(EXERCISE INPUT Opens)

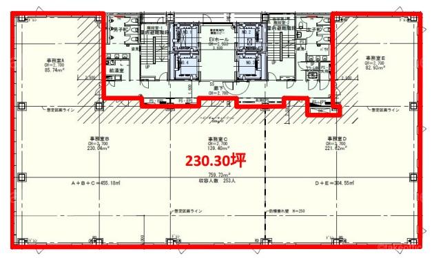 | 天井高 | 2700mm | 基準階面積 | 230.3坪(761.33m2) |
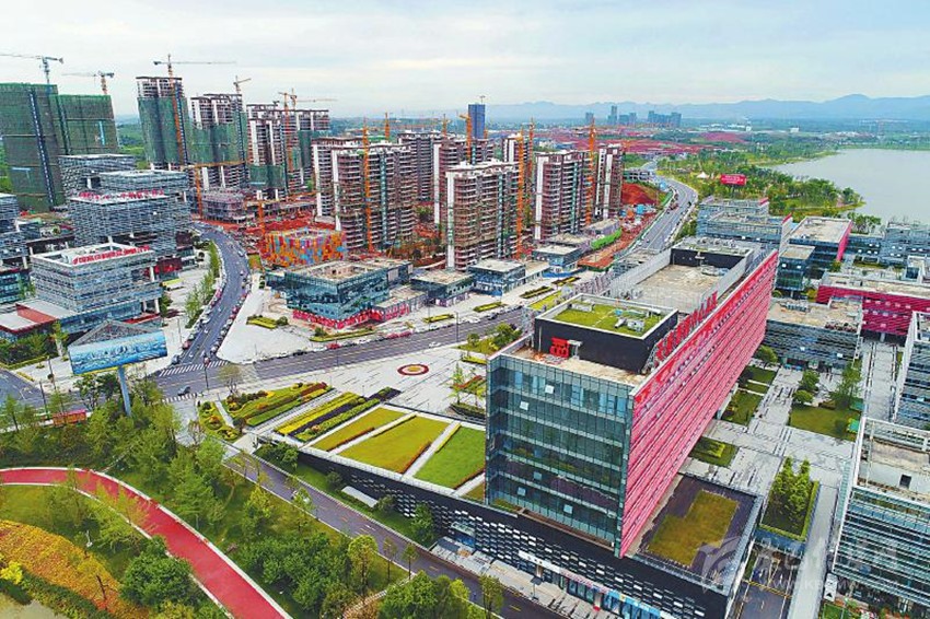 5月3日,“喜迎黨代會 天府新飛躍”全國主流新媒體瞰四川大型采訪活動首站走進成都市。圖為航拍的天府新區(qū)成都直管區(qū)的成都科學城。 姜曦 攝
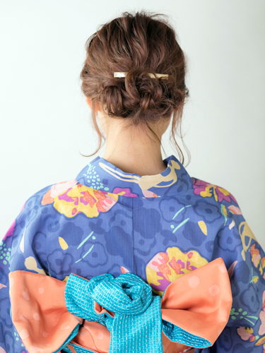 動きのあるアレンジを活かし、ヘアアクセはシンプルに。ゴールドの輝きが上品な細身のバレッタは、オフィスでも活躍する万能デザイン。浴衣にあえて普段使いのヘアアクセを合わせることで、こなれた雰囲気に仕上げます。
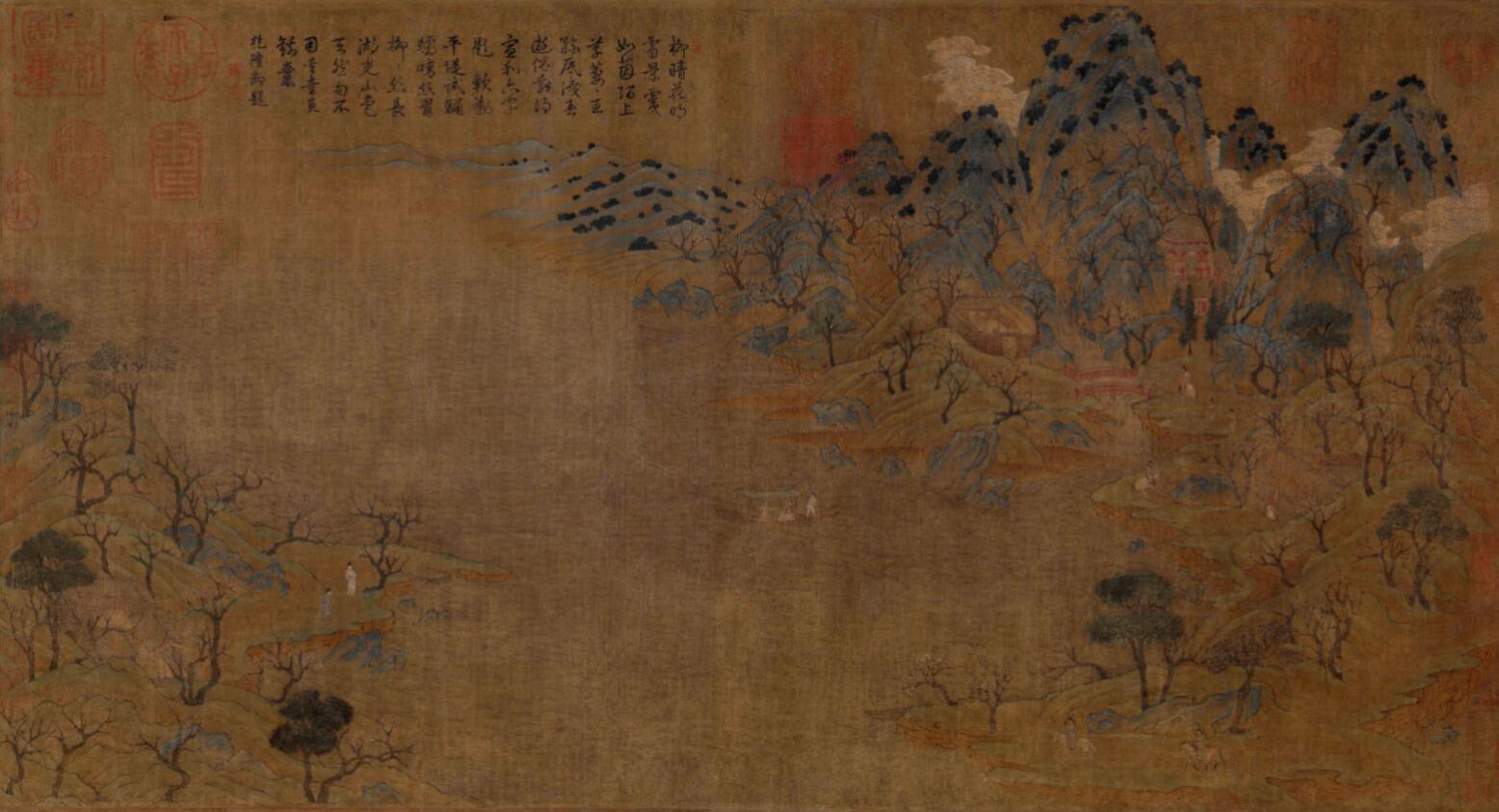 传为展子虔所作《游春图》(宋摹本),描述春天人们出游踏青时乘马至岸、乘舟于水观景的内容。中锋勾勒,山石略有皴擦几乎平涂,且颜色已有变化,阳面用青绿、山脚用赭石。
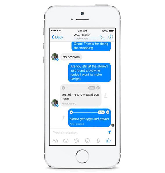 ഫെയ്സ്ബുക്ക് മെസഞ്ചര് വഴി വോയ്സ് മെസേജ് അയയ്ക്കുന്നതിന് മുന്നോടിയായി, ശബ്ദസന്ദേശം റിക്കോര്ഡ് ചെയ്യാന് മൈക്രോഫോണ് ഐക്കണില് ടാപ്പ് ചെയ്യണം. നിങ്ങള് മെസേജ് അയച്ചുകഴിഞ്ഞാല്, ഫെയ്സ്ബുക്ക് ആ ശബ്ദസന്ദേശം ടെക്സ്റ്റാക്കി മാറ്റും. വോയ്സ് മെസേജിനരികിലുള്ള ഐക്കണില് ടാപ്പ് ചെയ്താല്, ശബ്ദസന്ദേശത്തെ ടെക്സ്റ്റില് കാട്ടിത്തരും.
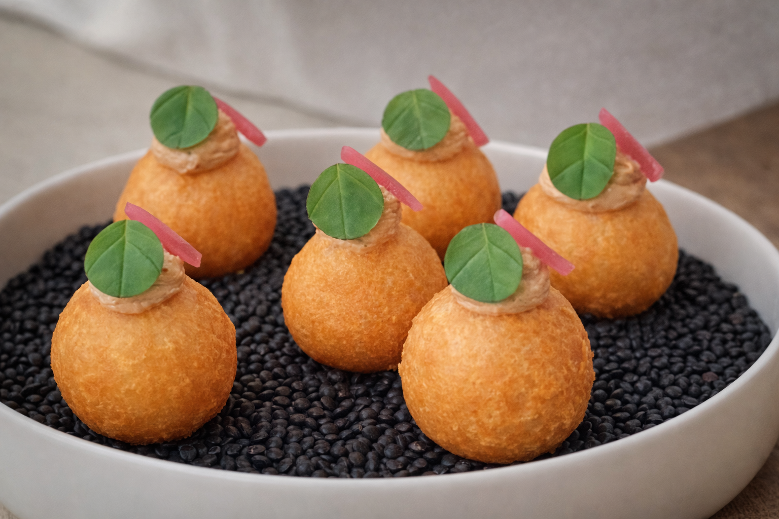 Zu den Kugeln könnt ihr auch eine süße Creme oder ein Chutney servieren. Zum Präsentieren habe ich Belugalinsen in einer Schale verteilt und die Pralinen darauf angerichtet.
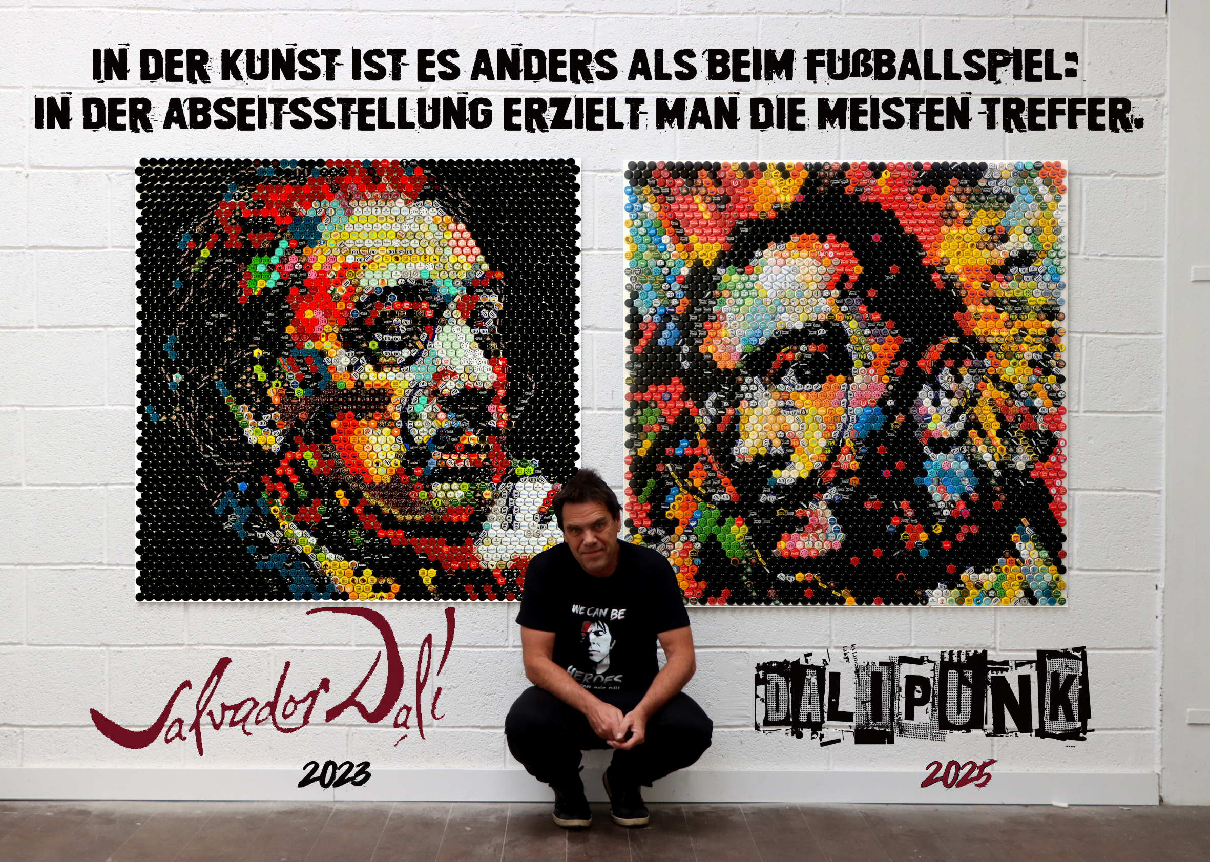 Das neue Projekt 2025: "Axl Rose - Civil War". Das 126 × 149 cm große Kronkorken-Porträt, aufgebaut aus 2540 farblich fein abgestimmten Kronkorken, ist eine kraftvolle Hommage an Axl Rose, den Sänger von Guns’N Roses. Das Werk verbindet rohe Materialität und künstlerische Präzision zu einem Bild, das sowohl die Energie des Rock’n’Roll als auch die Zerbrechlichkeit einer charismatischen Bühnenpersönlichkeit spürbar macht.
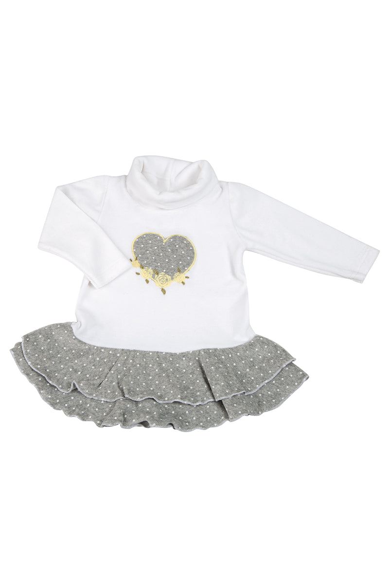 Vestitino manica lunga in ciniglia con collo alto, ricamo cuore e balze a pois
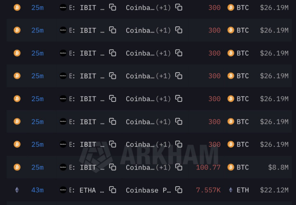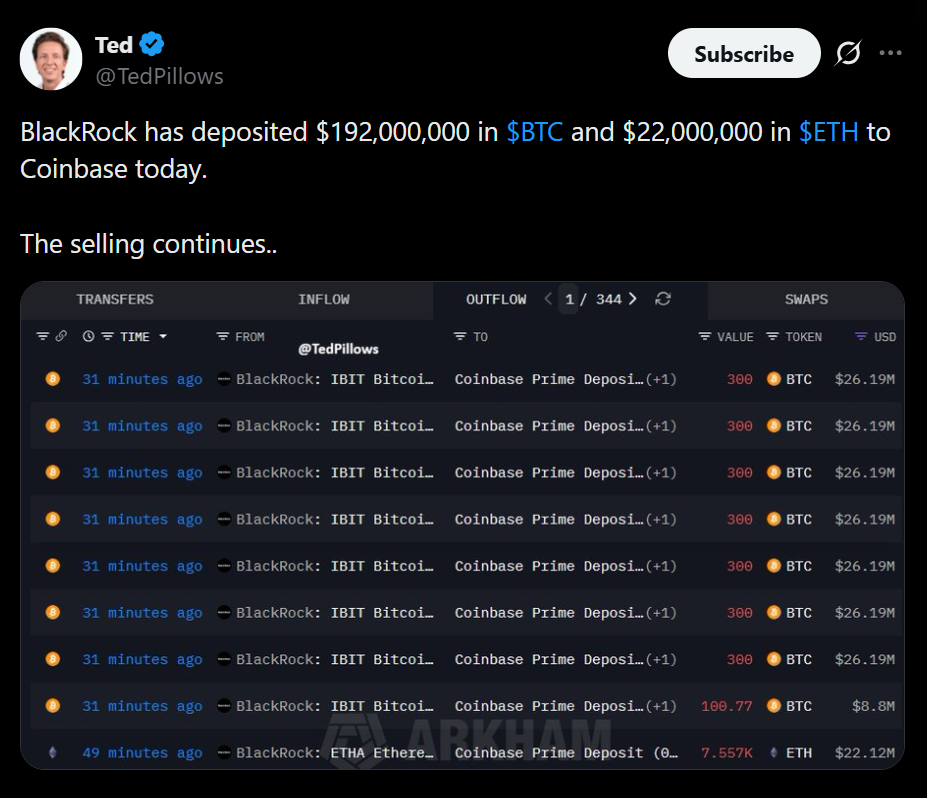According to data from Arkham Intelligence, BlackRock deposited more than 2,200 Bitcoin, valued at roughly $192 million, alongside around $22 million worth of Ethereum to Coinbase Prime. These transfers were recorded earlier today and come during a period of increased ETF redemptions.

(EXERCISE INPUT Closes)

* [TASK]
Your task is to repeat the opening line of the entries above and each line after it, ending with the line that has "Zu den Kugeln". Do not include the pictures.

* [RESULT FOR THIS TASK]
 | 天井高 | 2700mm | 基準階面積 | 230.3坪(761.33m2) |
 5月3日,“喜迎黨代會 天府新飛躍”全國主流新媒體瞰四川大型采訪活動首站走進成都市。圖為航拍的天府新區(qū)成都直管區(qū)的成都科學城。 姜曦 攝
 動きのあるアレンジを活かし、ヘアアクセはシンプルに。ゴールドの輝きが上品な細身のバレッタは、オフィスでも活躍する万能デザイン。浴衣にあえて普段使いのヘアアクセを合わせることで、こなれた雰囲気に仕上げます。
 传为展子虔所作《游春图》(宋摹本),描述春天人们出游踏青时乘马至岸、乘舟于水观景的内容。中锋勾勒,山石略有皴擦几乎平涂,且颜色已有变化,阳面用青绿、山脚用赭石。
 ഫെയ്സ്ബുക്ക് മെസഞ്ചര് വഴി വോയ്സ് മെസേജ് അയയ്ക്കുന്നതിന് മുന്നോടിയായി, ശബ്ദസന്ദേശം റിക്കോര്ഡ് ചെയ്യാന് മൈക്രോഫോണ് ഐക്കണില് ടാപ്പ് ചെയ്യണം. നിങ്ങള് മെസേജ് അയച്ചുകഴിഞ്ഞാല്, ഫെയ്സ്ബുക്ക് ആ ശബ്ദസന്ദേശം ടെക്സ്റ്റാക്കി മാറ്റും. വോയ്സ് മെസേജിനരികിലുള്ള ഐക്കണില് ടാപ്പ് ചെയ്താല്, ശബ്ദസന്ദേശത്തെ ടെക്സ്റ്റില് കാട്ടിത്തരും.
 Zu den Kugeln könnt ihr auch eine süße Creme oder ein Chutney servieren. Zum Präsentieren habe ich Belugalinsen in einer Schale verteilt und die Pralinen darauf angerichtet.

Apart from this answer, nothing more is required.